DeepSeek V4 launch roundup: 2M context, dynamic sparse, Ascend-trained
Cross-platform chatter on Twitter, Reddit and Hacker News converges on three claims about DeepSeek V4: a 2,000,000-token context window, a dynamic sparse MoE architecture, and end-to-end pre-training on Huawei Ascend.
Three headline claims
- 2M-token context window: roughly 16x larger than V3's 128K. Leaked needle-in-a-haystack charts reportedly hold 97%+ recall at 1.8M depth, which the community reads as native long-sequence training rather than RoPE extrapolation.
- Dynamic sparse architecture: routing is claimed to be per-token AND per-layer, with ~30B active params out of a 600B+ total. Alleged internal profiling shows expert-utilization variance dropping ~40% vs V3.
- Trained on Huawei Ascend: multiple cross-referenced posts say V4 was pre-trained entirely on Ascend 910C clusters (10k+ NPUs) using MindSpore plus an in-house collective-comms library — zero NVIDIA in the training path.
Community reactions
@teortaxesTex (X): "V4 isn't just bigger MoE. Routing is dynamic per token AND per layer — think MoE x MoD hybrid."
@dylan522p (X): "First frontier-class model trained 100% on domestic silicon — if true, this is the actual decoupling moment."

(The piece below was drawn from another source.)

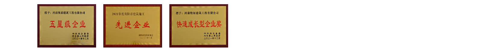2021年,擴(kuò)大經(jīng)營(yíng),快速發(fā)展,榮獲南陽(yáng)市建筑施工先進(jìn)單位、內(nèi)鄉(xiāng)縣快速成長(zhǎng)型企業(yè)獎(jiǎng)、內(nèi)鄉(xiāng)縣五星級(jí)企業(yè)。

u/llama_maxxer (r/LocalLLaMA, up 842): "If 2M is real, the entire RAG category has to be rewritten this year."
simonw (HN, up 612): "If the weights drop with a real 2M context that isn't a lobotomy past 200K, this is a bigger deal than V3 was."
What still needs to be verified
[ ] Official technical report PDF
[ ] HuggingFace weights published
[ ] Third-party long-context benchmark
[ ] Ascend training MFU numbers
Consensus release window is late April. If all four land within two weeks, V4 becomes the first end-to-end domestic frontier model event of 2026.